Average rapidity densities \(\langle \text {d}N/\text {d}y\rangle \) (top) and average transverse momenta \(\langle p_{\mathrm {T}} \rangle \) (bottom) as a function of center-of-mass energy for pp [8] and pPb collisions, for charge-averaged pions, kaons, and protons. Error bars indicate the uncorrelated combined uncertainties, while boxes show the uncorrelated systematic uncertainties. The curves show parabolic (for \(\langle \text {d}N/\text {d}y\rangle \)) or linear (for \(\langle p_{\mathrm {T}} \rangle \)) interpolation on a log-log scale. The pp and pPb data are for laboratory rapidity \(|y |<1\), which is the same as the center-of-mass rapidity only for the pp data

6 Conclusions

Measurements of identified charged hadron spectra produced in pPb collisions at \(\sqrt{s_{NN}} =5.02\,\text {TeV} \) have been presented, normalized to events with simultaneous hadronic activity at pseudorapidities \(-5 < \eta < -3\) and \(3 < \eta < 5\). Charged pions, kaons, and protons were identified from the energy deposited in the silicon tracker and other track information. In the present analysis, the yield and spectra of identified hadrons for laboratory rapidity \(|y | \!<\! 1\) have been studied as a function of the event charged particle multiplicity in the range \(|\eta |\!<\!2.4\). The \(p_{\mathrm {T}} \) spectra are well described by fits with the Tsallis–Pareto parametrization. The ratios of the yields of oppositely charged particles are close to one, as expected at mid-rapidity for collisions of this energy. The average \(p_{\mathrm {T}} \) is found to increase with particle mass and the event multiplicity. These results are valid under the assumption that the particle yield distributions follow the Tsallis–Pareto function in the unmeasured \(p_{\mathrm {T}} \) regions.

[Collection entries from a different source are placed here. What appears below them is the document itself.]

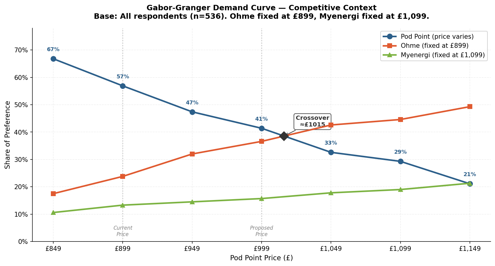 When competitors are included, the output shifts from purchase intent to share of preference. Each line tracks the share of respondents who would choose that brand at each price point. As Pod Point’s price increases, its demand drops while Ohme (the cheaper competitor) gains share. The crossover point (≈£1,015) marks where Pod Point loses its preference advantage.
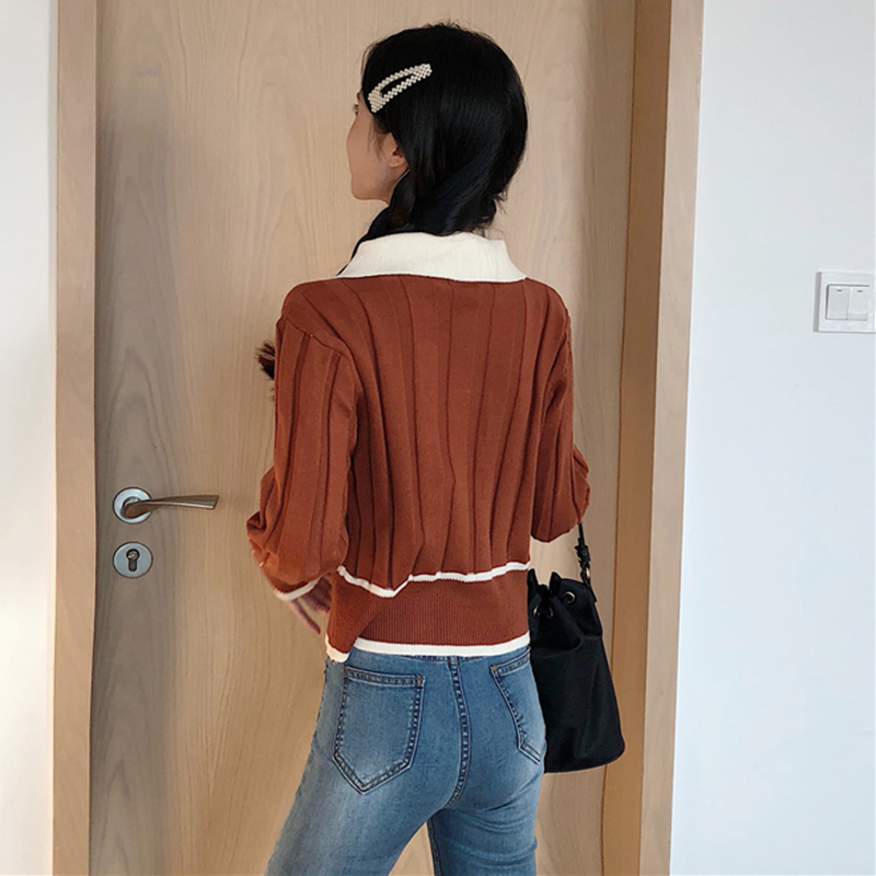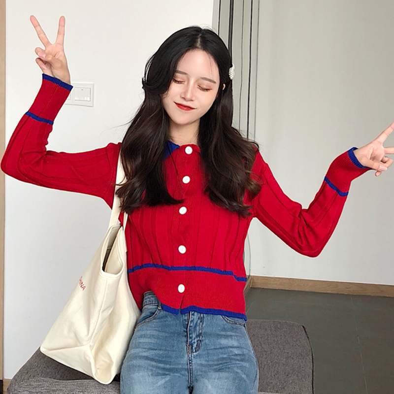 / 新款秋裝女復古修身拼色長袖毛衣時尚氣質慵懶小開衫學生打底上衣
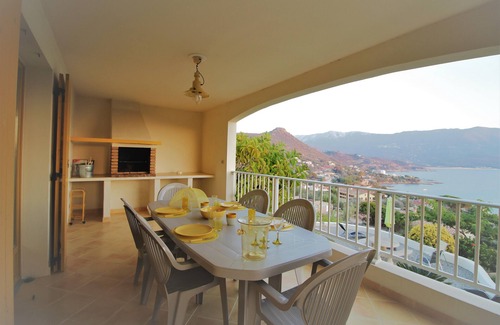 Facing full SOUTH, Residence 'U MELU' is very calm and well maintained. Located in a private cul-de-sac, it offers you calm security and, above all, a splendid view of the Gulf of LISCIA / SAGONE, one of the most beautiful gulfs on the WEST coast. The apartments T2 (1 bedroom) green upstairs and blue garden level and T3 (2 bedrooms) red garden and yellow upstairs are large area; air-conditioned and enjoying a very good insulation, are equipped with all the necessary comforts (washing machine, dishwasher, oven, hob, microwave, toaster, Senseo coffee machine, flat screen cable TV, DVD, internet, wifi, safe, hair dryer, mosquito net and bedding new and quality ..) large terrace with individual barbecue masonry Tastefully decorated and original for each apartment .. Shady parking and small garden for your apé sunset breathtaking! Very beautiful and many beaches all around. Benefiting from a micro climate the sunny region is just as pleasant to discover out of summer season. Enjoy wonderful days in the spring with the scents of the maquis and brooms and its back season with shimmering colors. Remarkable sites to visit.

The results can be used to further constrain models of hadron production and contribute to the understanding of basic non-perturbative dynamics in hadron collisions. The Epos Lhc event generator reproduces several features of the measured distributions, a significant improvement from the previous version, attributed to a new viscous hydrodynamic treatment of the produced particles. Other studied generators (Ampt, Hijing) predict steeper \(p_{\mathrm {T}}\) distributions and much smaller \(\langle p_{\mathrm {T}} \rangle \) than found in data, as well as substantial deviations in the \(\mathrm {p}/{\pi }\) ratios.

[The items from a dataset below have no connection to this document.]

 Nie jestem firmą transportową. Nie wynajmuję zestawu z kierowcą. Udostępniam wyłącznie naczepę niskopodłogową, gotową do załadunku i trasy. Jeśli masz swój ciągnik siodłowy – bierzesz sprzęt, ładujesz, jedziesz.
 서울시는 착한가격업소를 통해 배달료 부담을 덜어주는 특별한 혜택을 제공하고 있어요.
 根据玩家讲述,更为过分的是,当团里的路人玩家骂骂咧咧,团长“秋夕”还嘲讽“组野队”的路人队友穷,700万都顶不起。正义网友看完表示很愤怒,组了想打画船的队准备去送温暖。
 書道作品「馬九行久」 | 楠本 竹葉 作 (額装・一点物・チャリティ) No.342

Combined with similar results from pp collisions, the track multiplicity dependence of the average transverse momentum and particle ratios indicate that particle production at LHC energies is strongly correlated with event particle multiplicity in both pp and pPb interactions. For low track multiplicity, pPb collisions appear similar to pp collisions. At high multiplicities, the average \(p_{\mathrm {T}} \) of particles from pPb collisions with a charged particle multiplicity of \(N_\mathrm{tracks}\) (in \(|\eta |<2.4\)) is similar to that for pp collisions with \(0.55 \times N_\mathrm{tracks}\). Both the highest-multiplicity pp and pPb interactions yield higher \(\langle p_{\mathrm {T}} \rangle \) than seen in central PbPb collisions.